### EXERCISE REQUIREMENTS
Would you restate each line of the data below word for word, without its pictures?

__________________________________________________

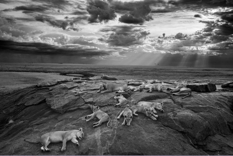 Here the five females of the Vumbi pride lie at rest with their cubs on a rocky outcrop in Tanzania’s Serengeti National Park. They were used to Nick’s presence – he had been following them for six months. Making use of a specially made hole in the roof, he slowly stood up to frame the vista. He photographed them in infrared, which he says “cuts through the dust and haze, transforms the light and turns the moment into something primal, biblical almost.
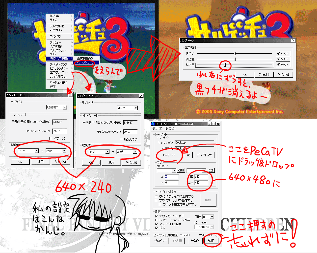 SCFHはターゲットをPeCaTVにして、位置の幅と高さを640×480にすればおk
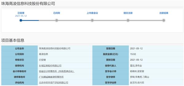 5月12日,资本邦了解到,珠海高凌信息科技股份有限公司(下称“高凌信息”)科创板IPO获上交所受理。
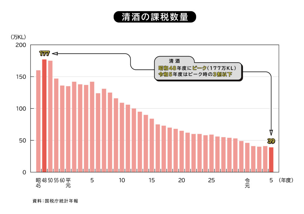 1.出荷量はピークの4分の1、酒蔵も半減│文化財に近い産業が、静かに痩せ続けている。
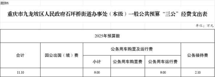 5.2025年九龍坡區(qū)人民政府石坪橋街道辦事處(本級)一般公共預算三公經費支出表

__________________________________________________

### PROBLEM SOLUTION
 Here the five females of the Vumbi pride lie at rest with their cubs on a rocky outcrop in Tanzania’s Serengeti National Park. They were used to Nick’s presence – he had been following them for six months. Making use of a specially made hole in the roof, he slowly stood up to frame the vista. He photographed them in infrared, which he says “cuts through the dust and haze, transforms the light and turns the moment into something primal, biblical almost.
 SCFHはターゲットをPeCaTVにして、位置の幅と高さを640×480にすればおk
 5月12日,资本邦了解到,珠海高凌信息科技股份有限公司(下称“高凌信息”)科创板IPO获上交所受理。
 1.出荷量はピークの4分の1、酒蔵も半減│文化財に近い産業が、静かに痩せ続けている。
 5.2025年九龍坡區(qū)人民政府石坪橋街道辦事處(本級)一般公共預算三公經費支出表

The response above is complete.